Top of DATASET EXCERPTS

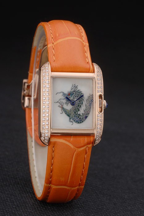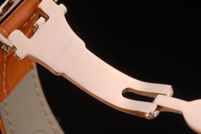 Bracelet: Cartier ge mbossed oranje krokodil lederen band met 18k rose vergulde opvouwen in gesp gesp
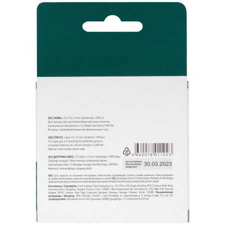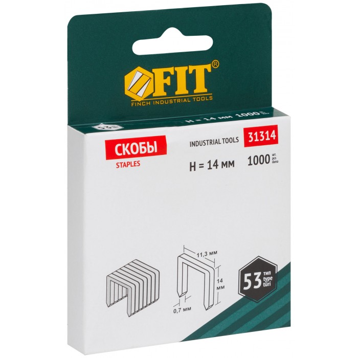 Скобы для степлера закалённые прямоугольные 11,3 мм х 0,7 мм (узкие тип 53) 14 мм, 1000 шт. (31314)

Bottom of DATASET EXCERPTS
Top of DATASET EXCERPTS

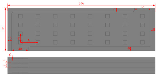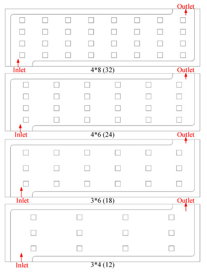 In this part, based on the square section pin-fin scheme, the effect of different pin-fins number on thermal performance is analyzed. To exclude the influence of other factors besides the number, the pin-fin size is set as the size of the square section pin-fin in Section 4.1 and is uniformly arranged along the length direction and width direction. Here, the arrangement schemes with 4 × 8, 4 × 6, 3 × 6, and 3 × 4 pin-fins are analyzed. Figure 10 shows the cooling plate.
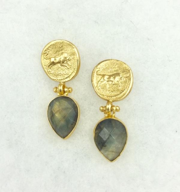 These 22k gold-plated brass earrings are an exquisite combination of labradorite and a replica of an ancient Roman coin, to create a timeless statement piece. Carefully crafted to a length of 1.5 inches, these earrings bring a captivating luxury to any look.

Bottom of DATASET EXCERPTS

### THE PROBLEM
In the listing above, the required lines run from the line with "Bracelet: Cartier ge" through the line with "Скобы для степлера". Output exactly those lines, omitting pictures.

### SOLUTION TO THE PROBLEM
 Bracelet: Cartier ge mbossed oranje krokodil lederen band met 18k rose vergulde opvouwen in gesp gesp
 Скобы для степлера закалённые прямоугольные 11,3 мм х 0,7 мм (узкие тип 53) 14 мм, 1000 шт. (31314)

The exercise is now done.